TASK REQUIREMENTS
Please transcribe, word for word, only the lines from the one containing "Nasza personalizowana poduszka" through the last line of the records below, both included, and leave out every picture.

PROVIDED MATERIAL
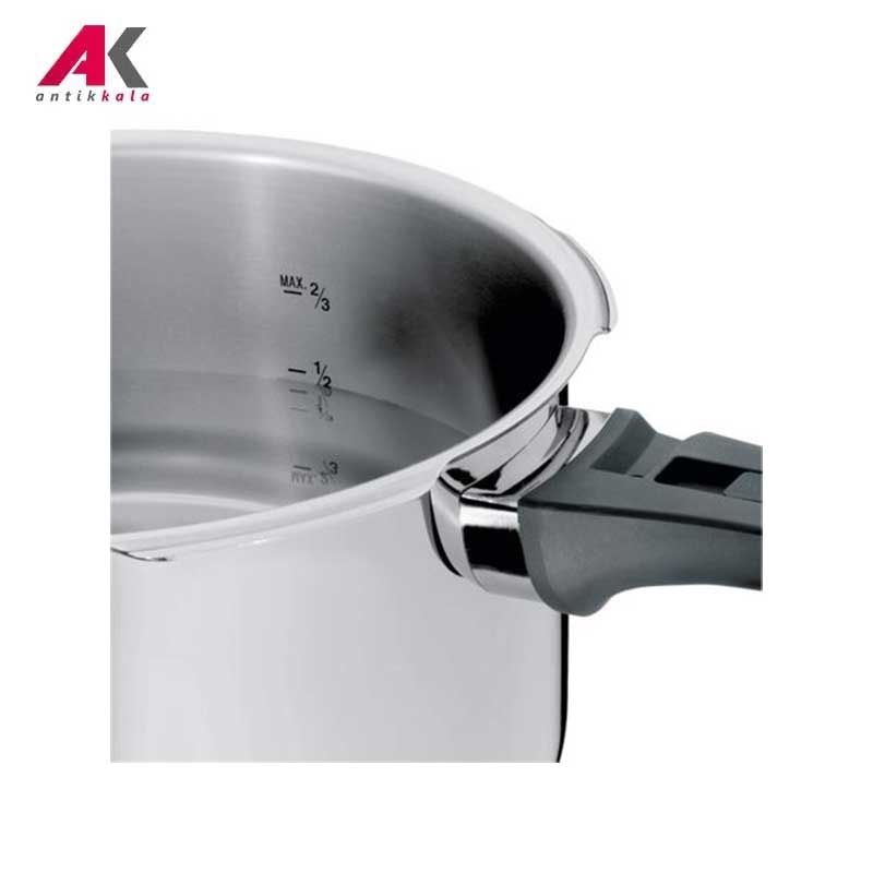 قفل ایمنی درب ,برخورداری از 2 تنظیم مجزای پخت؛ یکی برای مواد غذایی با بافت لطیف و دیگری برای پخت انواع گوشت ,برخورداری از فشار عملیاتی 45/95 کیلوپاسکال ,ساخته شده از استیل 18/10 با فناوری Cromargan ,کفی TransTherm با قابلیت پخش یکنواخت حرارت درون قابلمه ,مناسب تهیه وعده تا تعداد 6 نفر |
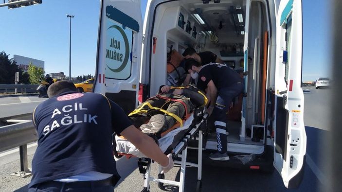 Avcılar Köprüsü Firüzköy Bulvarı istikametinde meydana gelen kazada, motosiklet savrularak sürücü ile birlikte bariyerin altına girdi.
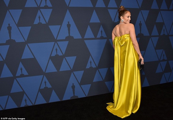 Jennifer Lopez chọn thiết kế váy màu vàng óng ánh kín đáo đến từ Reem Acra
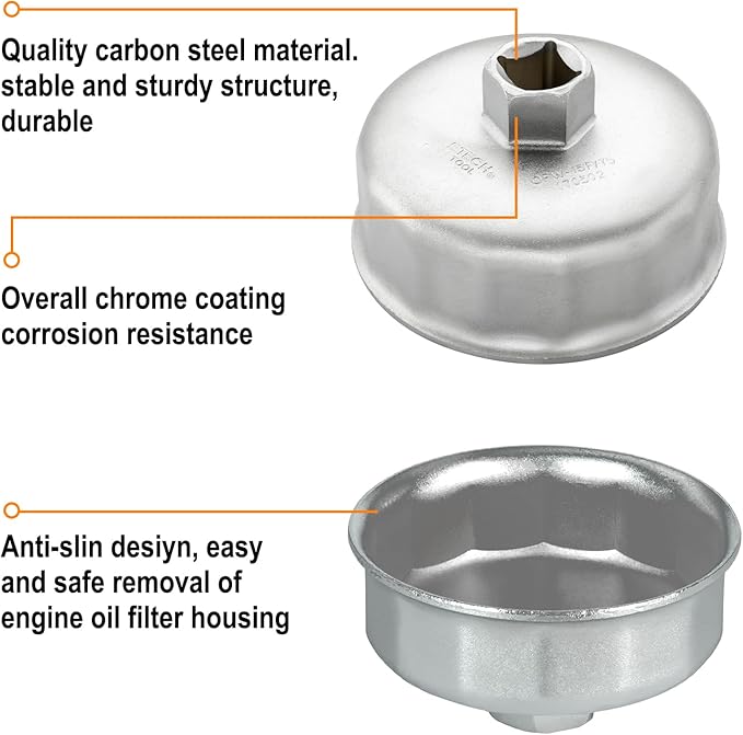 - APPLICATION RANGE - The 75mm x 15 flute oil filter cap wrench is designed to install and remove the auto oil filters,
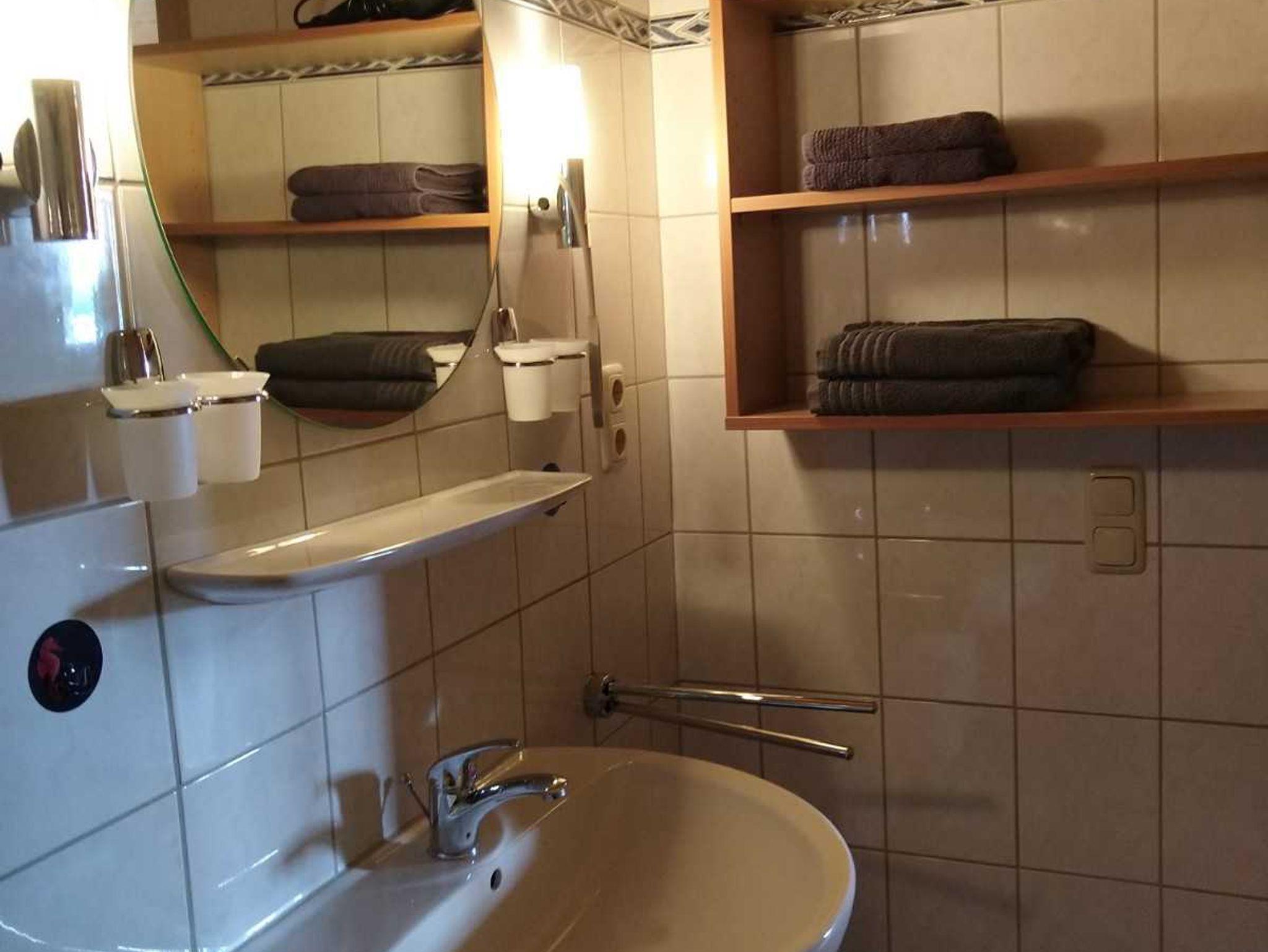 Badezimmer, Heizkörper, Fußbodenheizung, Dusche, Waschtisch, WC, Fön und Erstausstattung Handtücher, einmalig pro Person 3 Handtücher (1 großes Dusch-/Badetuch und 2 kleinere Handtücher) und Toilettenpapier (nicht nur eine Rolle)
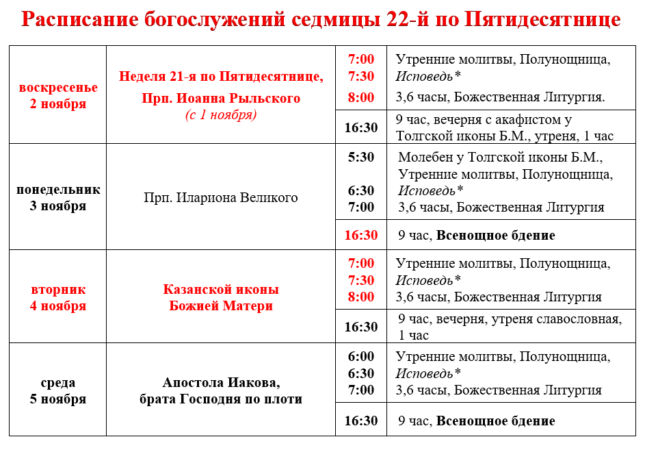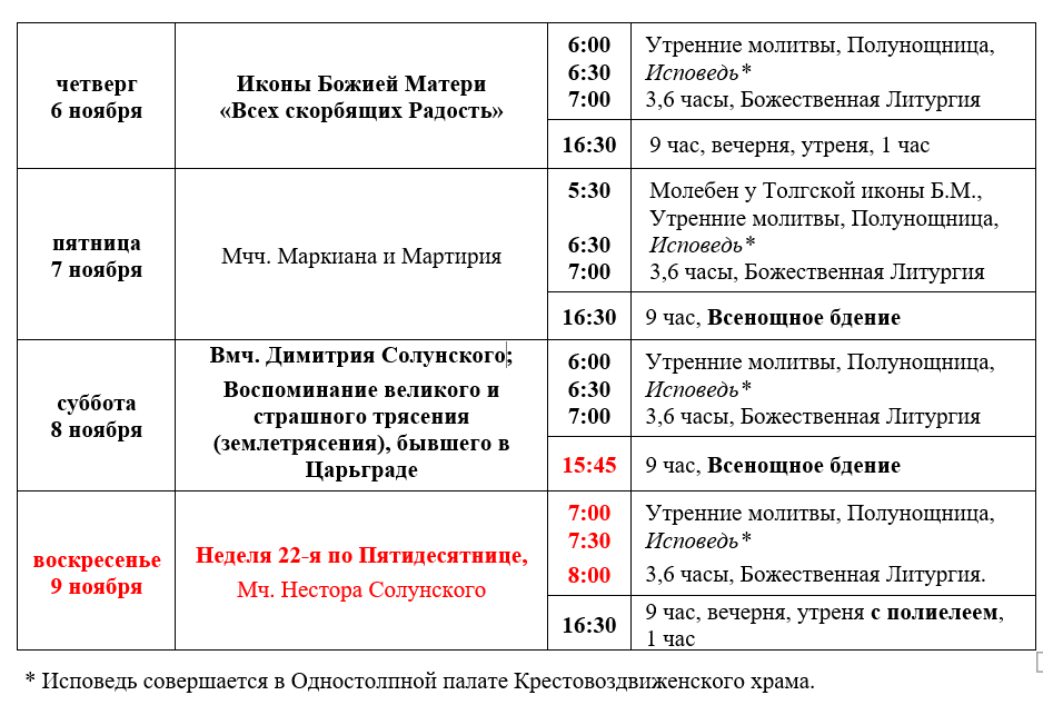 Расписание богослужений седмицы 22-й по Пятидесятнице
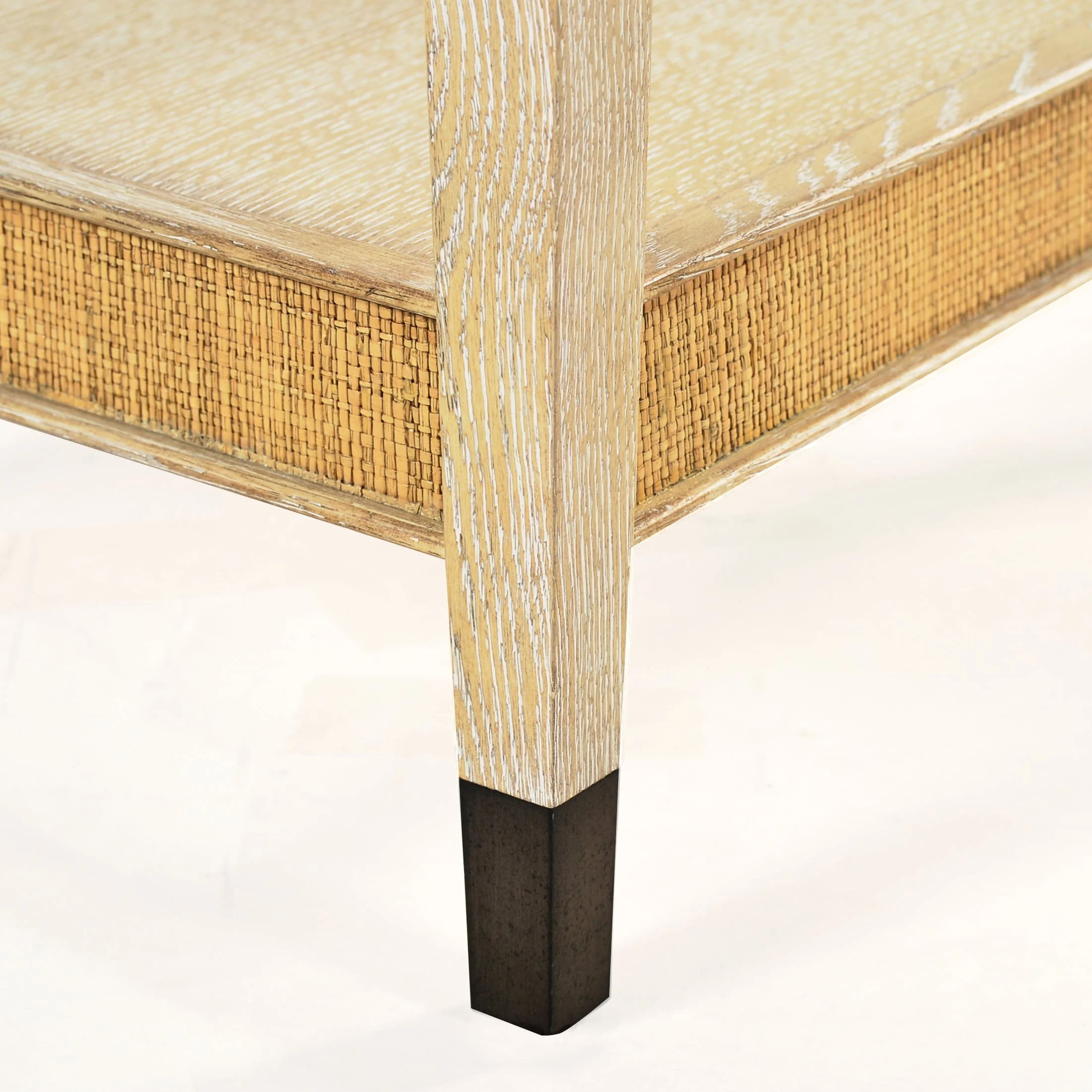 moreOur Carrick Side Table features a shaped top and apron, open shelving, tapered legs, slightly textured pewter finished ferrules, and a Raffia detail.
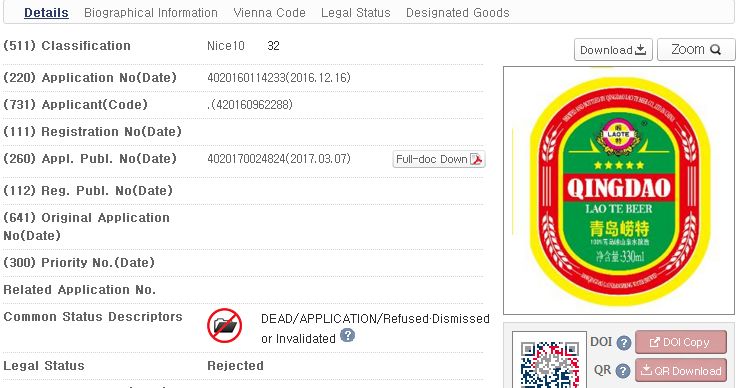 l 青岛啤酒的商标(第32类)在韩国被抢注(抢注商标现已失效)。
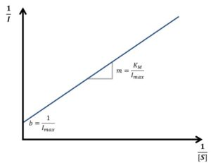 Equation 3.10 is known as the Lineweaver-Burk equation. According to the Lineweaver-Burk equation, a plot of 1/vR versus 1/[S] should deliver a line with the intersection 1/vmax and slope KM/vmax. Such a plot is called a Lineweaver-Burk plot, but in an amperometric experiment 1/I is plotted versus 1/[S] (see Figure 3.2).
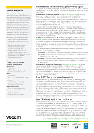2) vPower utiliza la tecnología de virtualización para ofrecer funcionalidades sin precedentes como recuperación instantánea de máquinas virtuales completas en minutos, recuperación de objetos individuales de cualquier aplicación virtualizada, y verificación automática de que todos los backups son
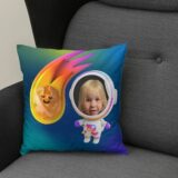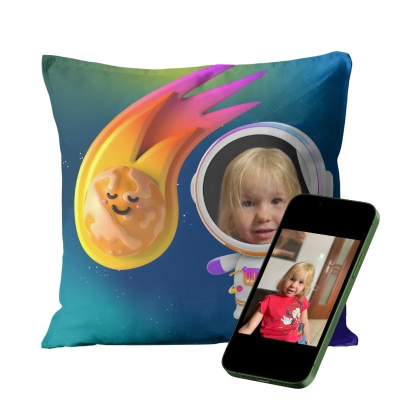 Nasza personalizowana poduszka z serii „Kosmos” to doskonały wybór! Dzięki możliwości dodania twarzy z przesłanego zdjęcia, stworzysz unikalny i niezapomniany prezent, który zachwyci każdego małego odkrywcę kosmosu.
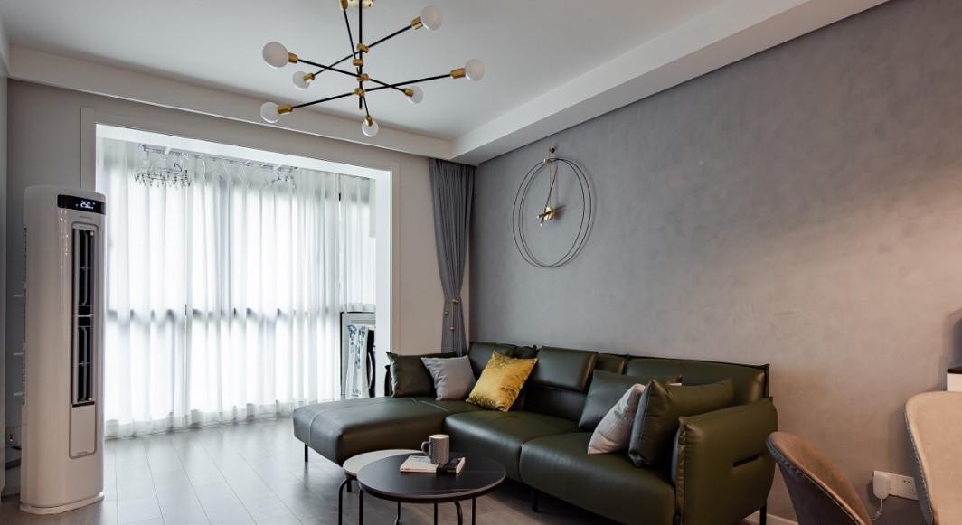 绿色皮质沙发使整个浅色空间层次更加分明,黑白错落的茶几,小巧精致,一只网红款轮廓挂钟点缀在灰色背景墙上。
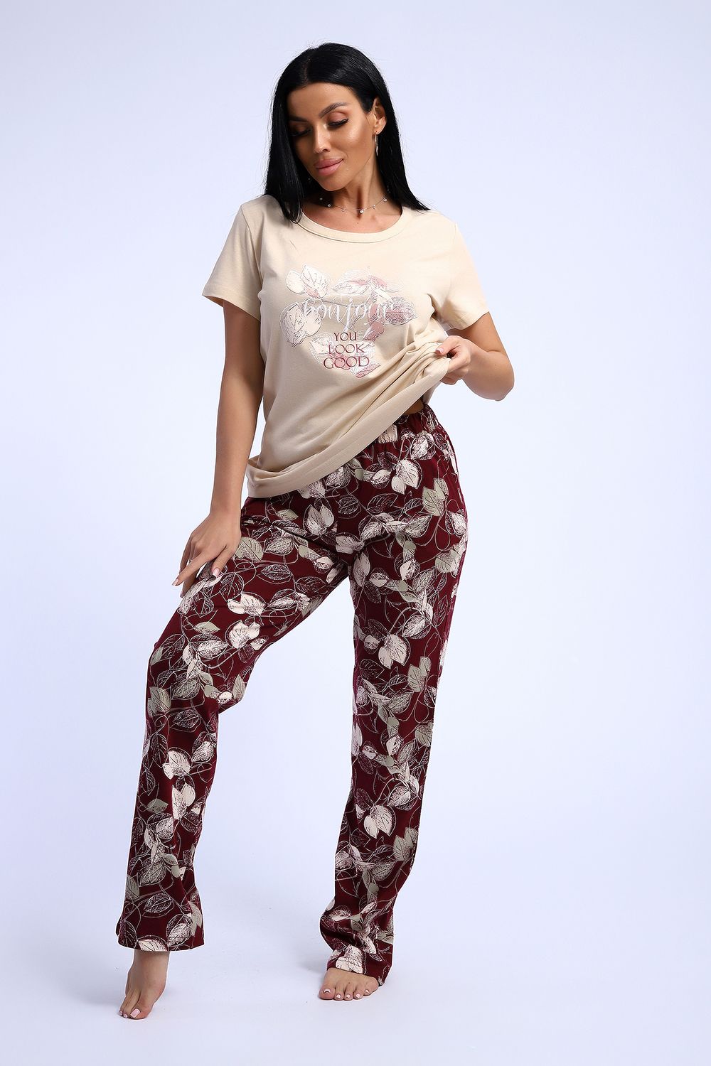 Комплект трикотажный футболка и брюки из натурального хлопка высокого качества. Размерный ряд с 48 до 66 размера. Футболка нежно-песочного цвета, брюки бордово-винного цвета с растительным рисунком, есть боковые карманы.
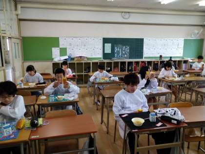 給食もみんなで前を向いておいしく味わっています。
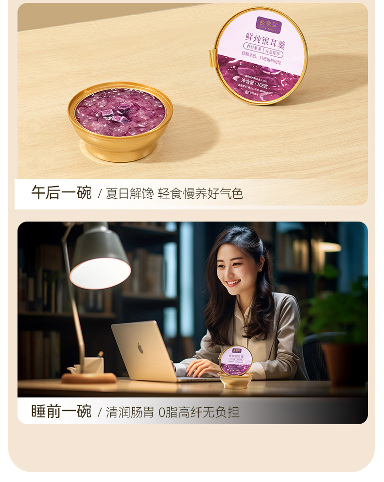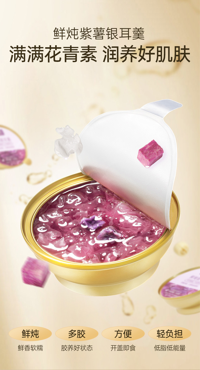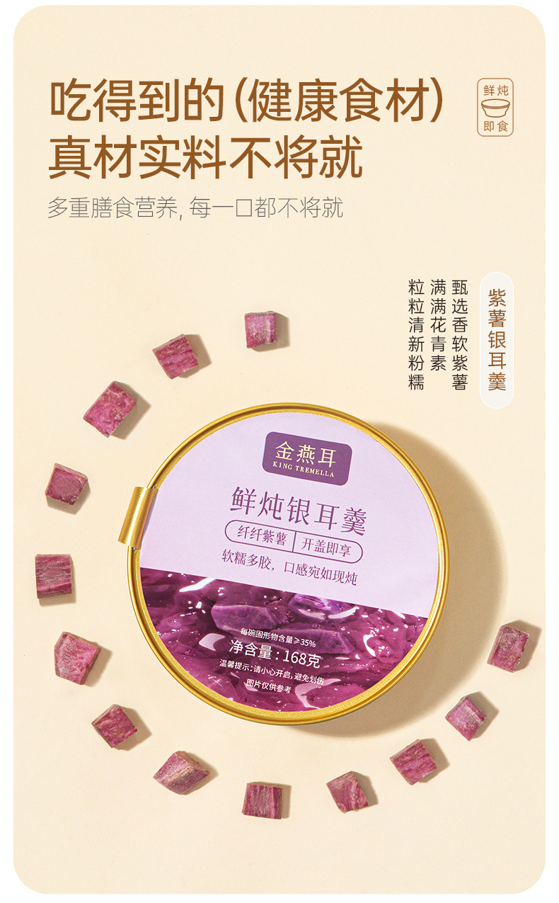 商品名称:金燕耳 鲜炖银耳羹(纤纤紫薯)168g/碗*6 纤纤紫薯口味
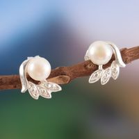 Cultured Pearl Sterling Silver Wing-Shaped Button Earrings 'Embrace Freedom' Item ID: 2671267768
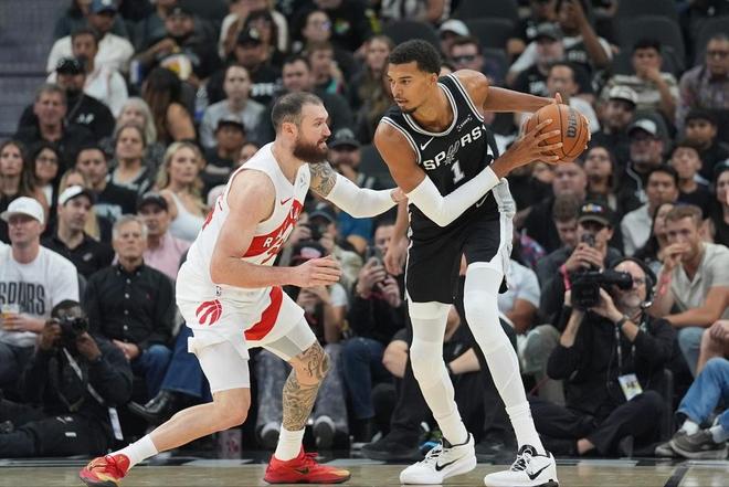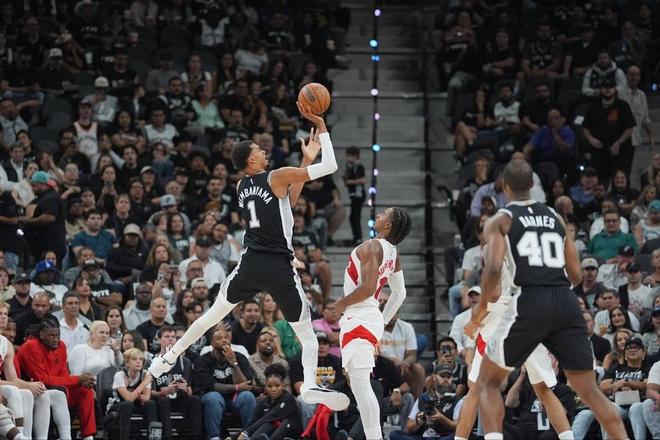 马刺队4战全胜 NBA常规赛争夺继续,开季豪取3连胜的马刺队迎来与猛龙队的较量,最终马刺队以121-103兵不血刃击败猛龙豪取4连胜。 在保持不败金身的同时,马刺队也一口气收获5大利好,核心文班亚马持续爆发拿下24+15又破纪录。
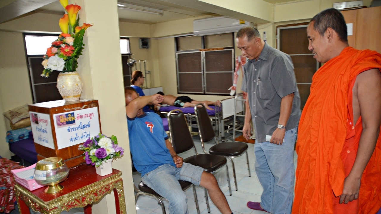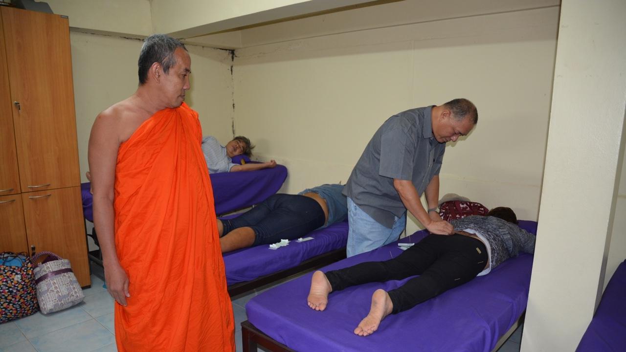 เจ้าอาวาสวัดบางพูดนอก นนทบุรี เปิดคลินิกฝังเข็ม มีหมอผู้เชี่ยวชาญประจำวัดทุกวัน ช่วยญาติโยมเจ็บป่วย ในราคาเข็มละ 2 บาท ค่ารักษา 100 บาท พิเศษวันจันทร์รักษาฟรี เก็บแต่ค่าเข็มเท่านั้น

SOLUTION
 Nasza personalizowana poduszka z serii „Kosmos” to doskonały wybór! Dzięki możliwości dodania twarzy z przesłanego zdjęcia, stworzysz unikalny i niezapomniany prezent, który zachwyci każdego małego odkrywcę kosmosu.
 绿色皮质沙发使整个浅色空间层次更加分明,黑白错落的茶几,小巧精致,一只网红款轮廓挂钟点缀在灰色背景墙上。
 Комплект трикотажный футболка и брюки из натурального хлопка высокого качества. Размерный ряд с 48 до 66 размера. Футболка нежно-песочного цвета, брюки бордово-винного цвета с растительным рисунком, есть боковые карманы.
 給食もみんなで前を向いておいしく味わっています。
 商品名称:金燕耳 鲜炖银耳羹(纤纤紫薯)168g/碗*6 纤纤紫薯口味
 Cultured Pearl Sterling Silver Wing-Shaped Button Earrings 'Embrace Freedom' Item ID: 2671267768
 马刺队4战全胜 NBA常规赛争夺继续,开季豪取3连胜的马刺队迎来与猛龙队的较量,最终马刺队以121-103兵不血刃击败猛龙豪取4连胜。 在保持不败金身的同时,马刺队也一口气收获5大利好,核心文班亚马持续爆发拿下24+15又破纪录。
 เจ้าอาวาสวัดบางพูดนอก นนทบุรี เปิดคลินิกฝังเข็ม มีหมอผู้เชี่ยวชาญประจำวัดทุกวัน ช่วยญาติโยมเจ็บป่วย ในราคาเข็มละ 2 บาท ค่ารักษา 100 บาท พิเศษวันจันทร์รักษาฟรี เก็บแต่ค่าเข็มเท่านั้น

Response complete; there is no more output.